With pictures left out, output exactly the lines of the listing below from the line that has "85. Bague sertie" to the line that has "야채는 보관하다 보면", both lines kept.

**RECORD EXCERPTS:**
____

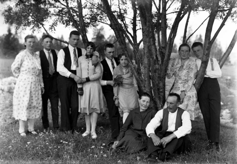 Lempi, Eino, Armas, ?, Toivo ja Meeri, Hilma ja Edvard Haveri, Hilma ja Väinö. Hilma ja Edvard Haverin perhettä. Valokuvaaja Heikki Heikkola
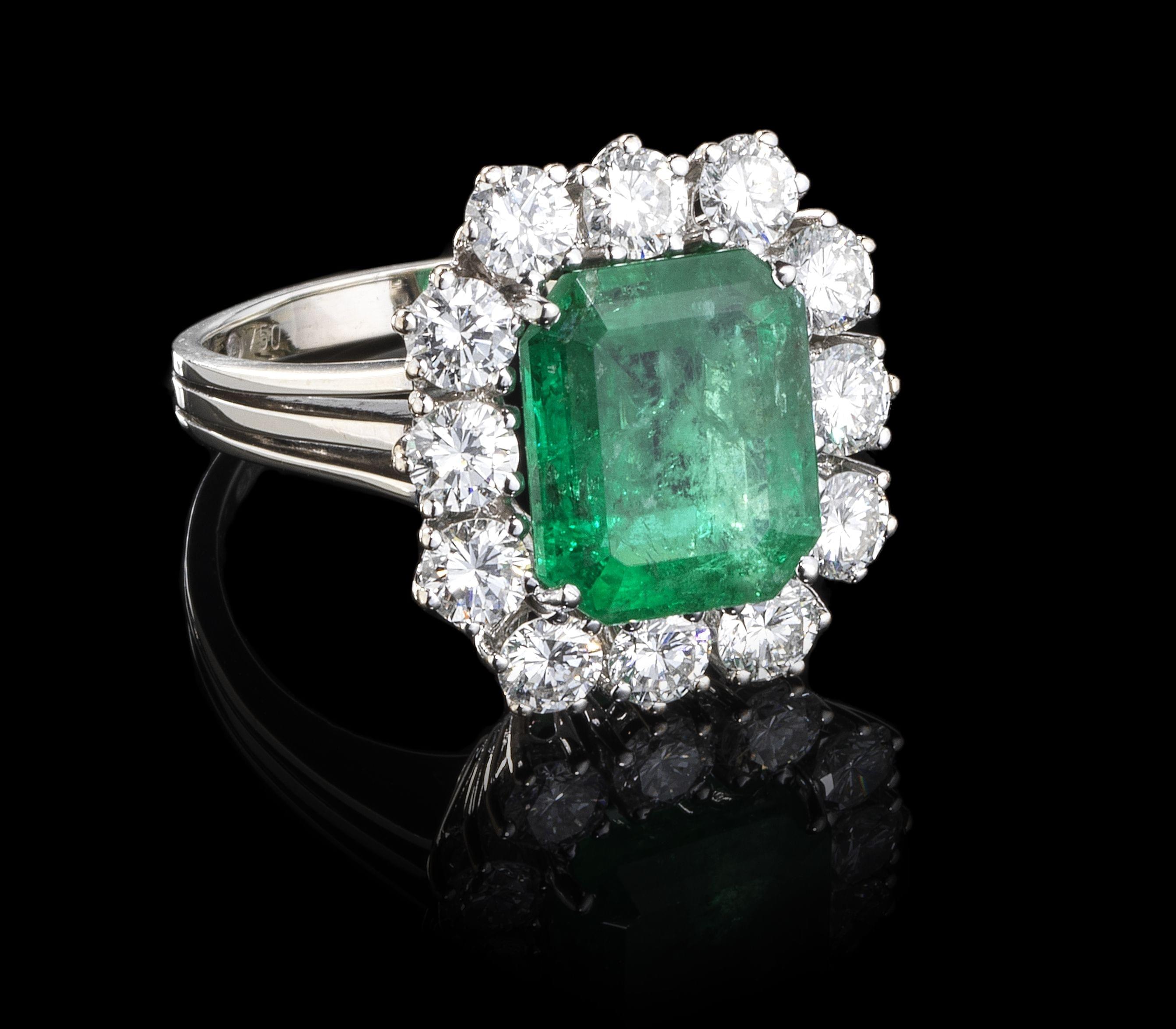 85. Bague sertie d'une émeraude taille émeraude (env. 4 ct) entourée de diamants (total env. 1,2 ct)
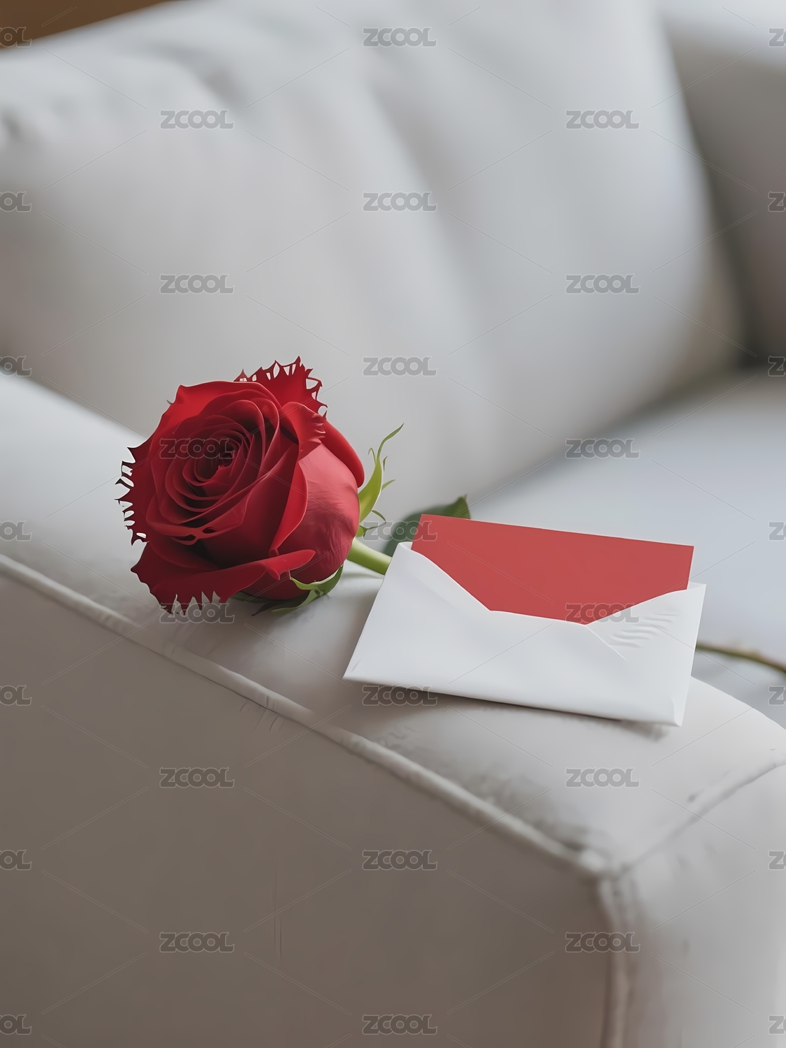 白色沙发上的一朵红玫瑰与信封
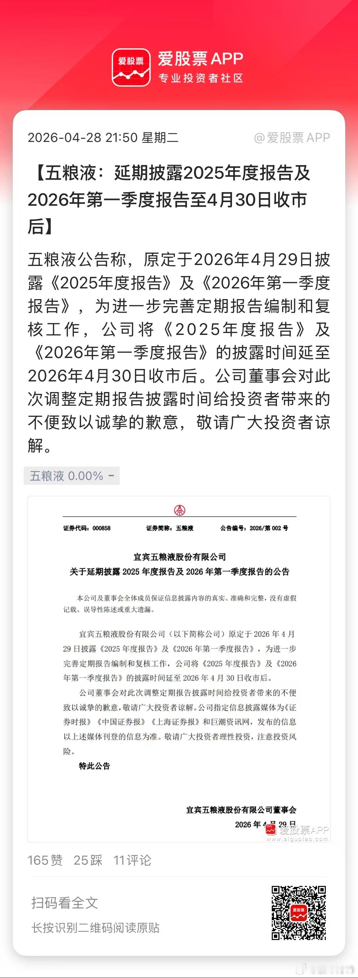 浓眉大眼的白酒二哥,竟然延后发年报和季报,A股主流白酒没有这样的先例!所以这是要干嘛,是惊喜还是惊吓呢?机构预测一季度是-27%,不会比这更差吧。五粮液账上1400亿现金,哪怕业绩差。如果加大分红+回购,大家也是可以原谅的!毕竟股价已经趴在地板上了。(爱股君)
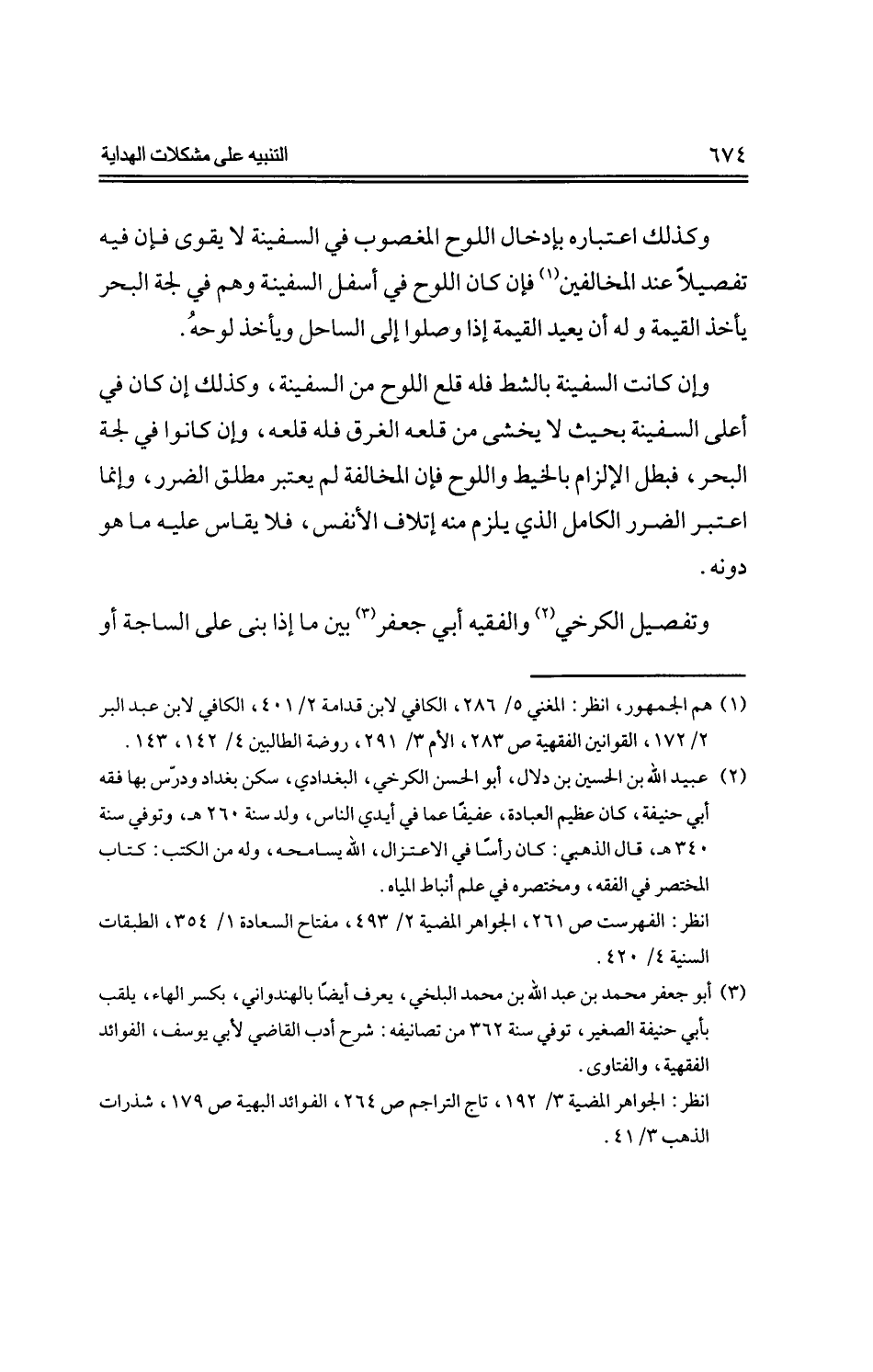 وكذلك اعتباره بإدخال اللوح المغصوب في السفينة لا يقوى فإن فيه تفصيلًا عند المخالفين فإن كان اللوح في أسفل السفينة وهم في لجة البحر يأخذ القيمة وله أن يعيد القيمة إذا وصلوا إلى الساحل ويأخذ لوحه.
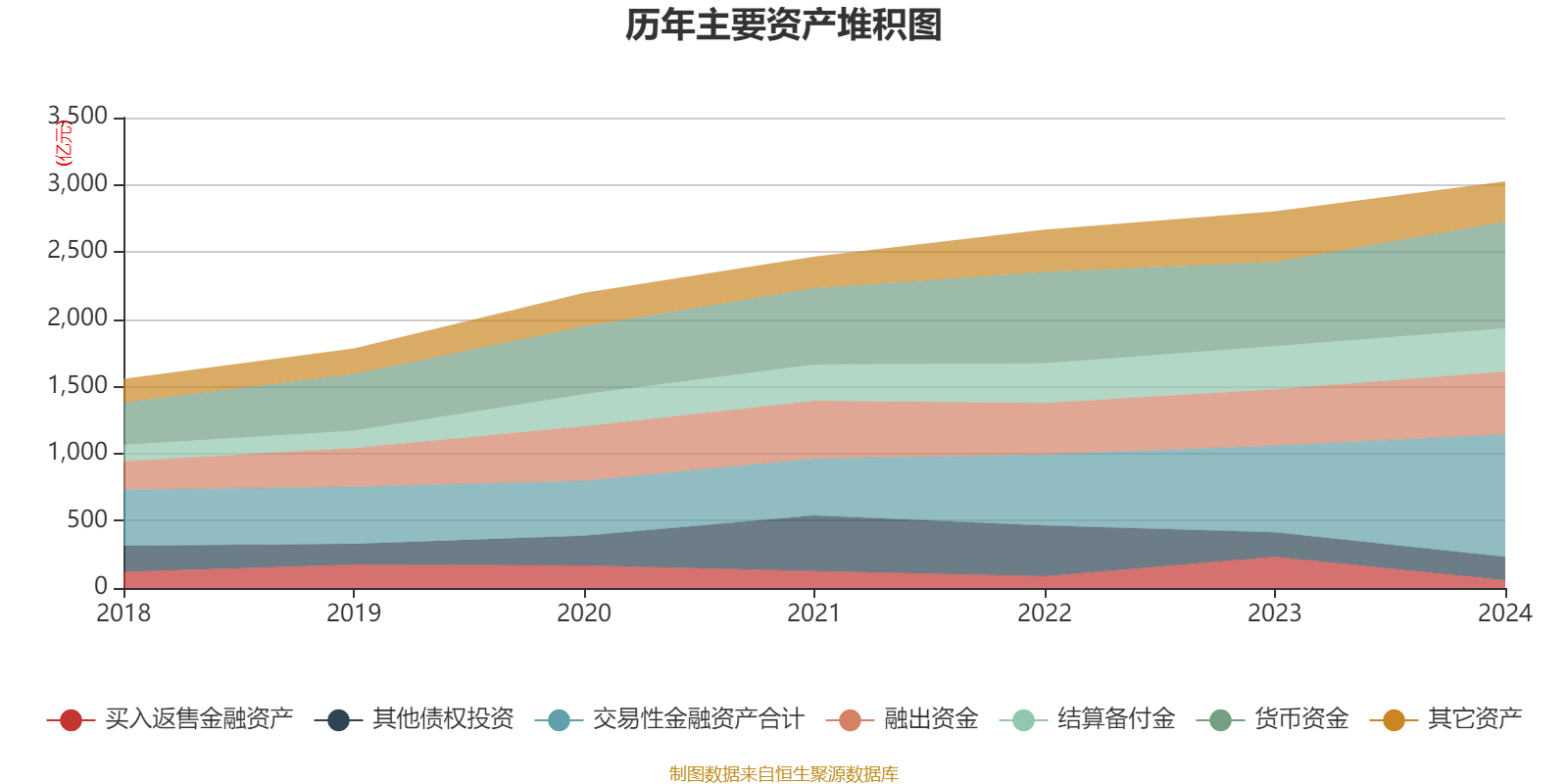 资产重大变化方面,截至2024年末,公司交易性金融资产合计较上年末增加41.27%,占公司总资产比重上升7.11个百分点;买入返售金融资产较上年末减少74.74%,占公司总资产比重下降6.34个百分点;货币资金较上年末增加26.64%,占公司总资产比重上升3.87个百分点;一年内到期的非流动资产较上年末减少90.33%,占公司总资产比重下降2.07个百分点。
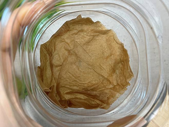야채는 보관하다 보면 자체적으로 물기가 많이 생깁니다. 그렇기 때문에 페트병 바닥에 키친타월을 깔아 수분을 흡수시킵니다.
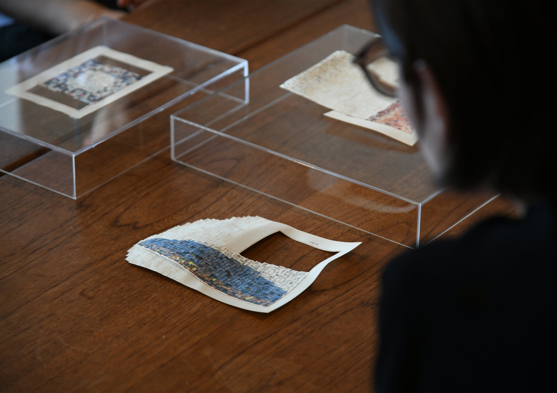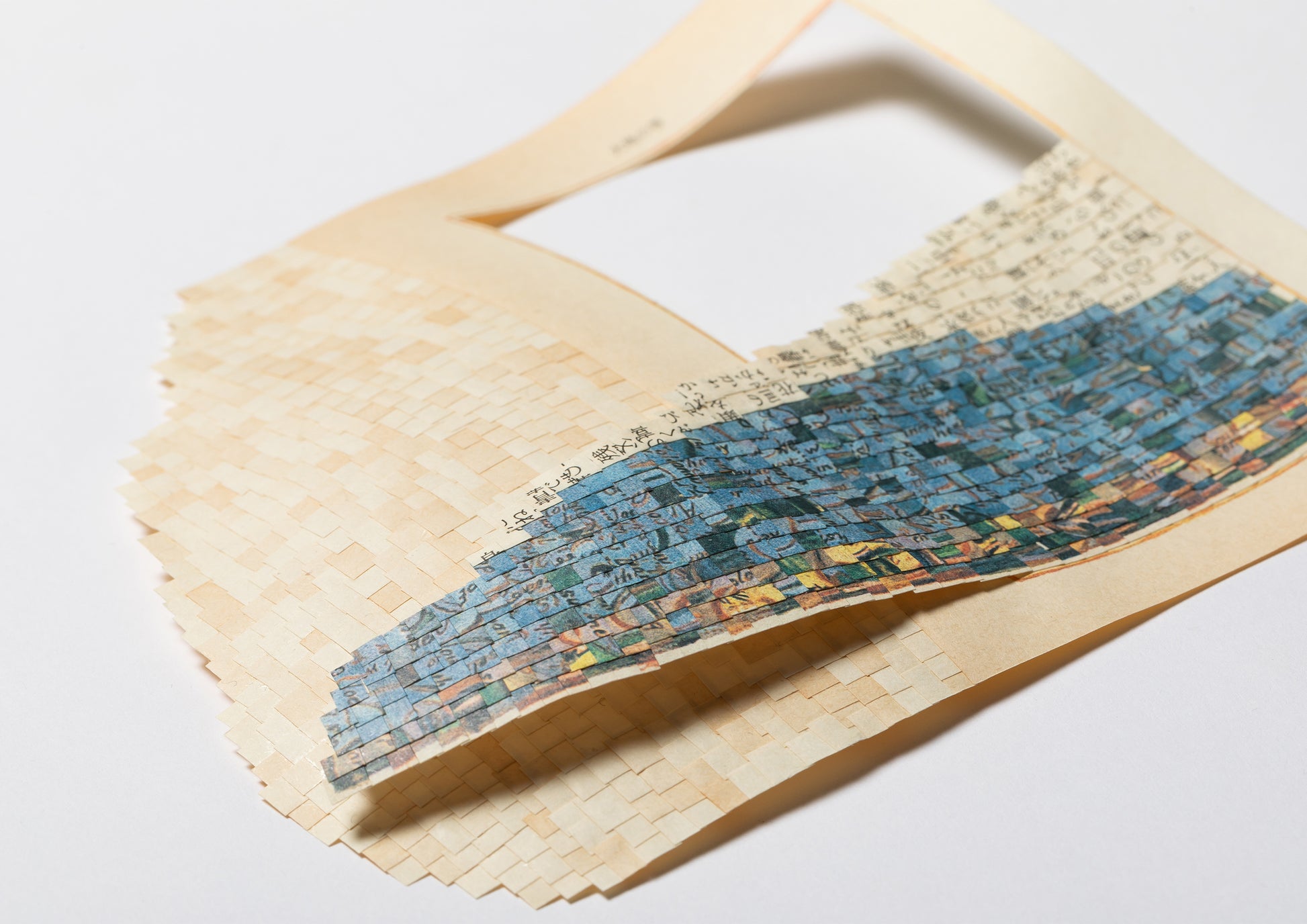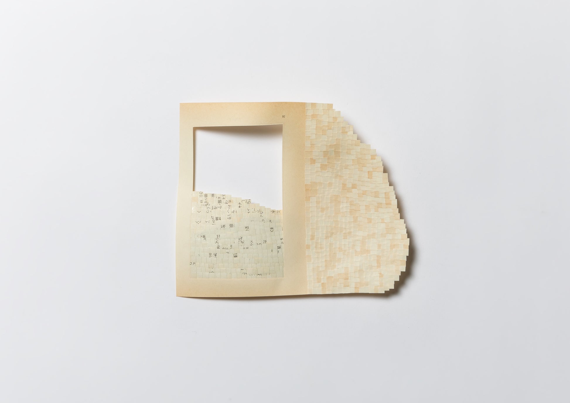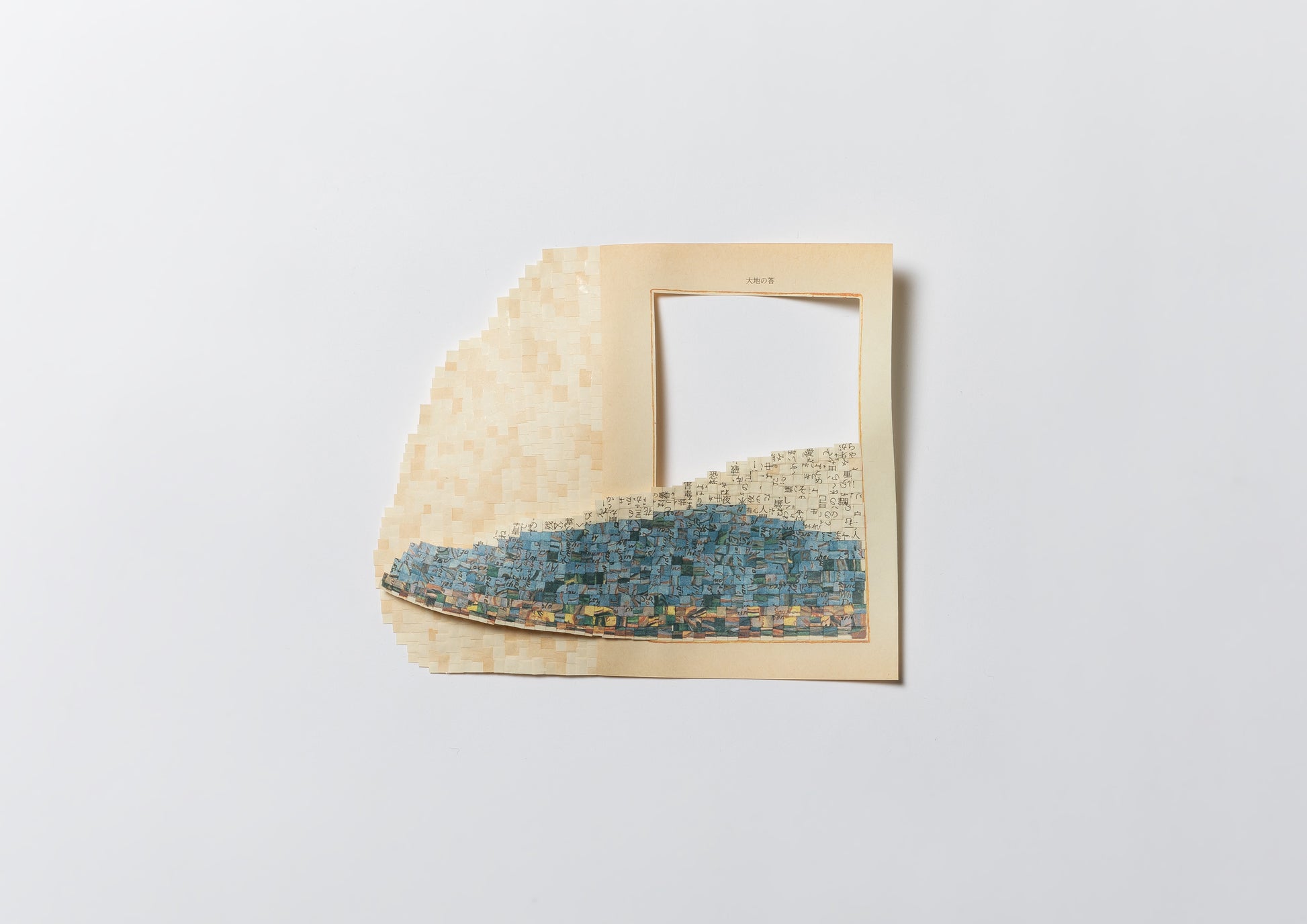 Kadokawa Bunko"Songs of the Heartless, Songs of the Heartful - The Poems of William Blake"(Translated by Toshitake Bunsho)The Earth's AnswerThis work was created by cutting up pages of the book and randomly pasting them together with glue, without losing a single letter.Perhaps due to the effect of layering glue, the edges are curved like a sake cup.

____

**FINISHED TASK:**
 85. Bague sertie d'une émeraude taille émeraude (env. 4 ct) entourée de diamants (total env. 1,2 ct)
 白色沙发上的一朵红玫瑰与信封
 浓眉大眼的白酒二哥,竟然延后发年报和季报,A股主流白酒没有这样的先例!所以这是要干嘛,是惊喜还是惊吓呢?机构预测一季度是-27%,不会比这更差吧。五粮液账上1400亿现金,哪怕业绩差。如果加大分红+回购,大家也是可以原谅的!毕竟股价已经趴在地板上了。(爱股君)
 وكذلك اعتباره بإدخال اللوح المغصوب في السفينة لا يقوى فإن فيه تفصيلًا عند المخالفين فإن كان اللوح في أسفل السفينة وهم في لجة البحر يأخذ القيمة وله أن يعيد القيمة إذا وصلوا إلى الساحل ويأخذ لوحه.
 资产重大变化方面,截至2024年末,公司交易性金融资产合计较上年末增加41.27%,占公司总资产比重上升7.11个百分点;买入返售金融资产较上年末减少74.74%,占公司总资产比重下降6.34个百分点;货币资金较上年末增加26.64%,占公司总资产比重上升3.87个百分点;一年内到期的非流动资产较上年末减少90.33%,占公司总资产比重下降2.07个百分点。
야채는 보관하다 보면 자체적으로 물기가 많이 생깁니다. 그렇기 때문에 페트병 바닥에 키친타월을 깔아 수분을 흡수시킵니다.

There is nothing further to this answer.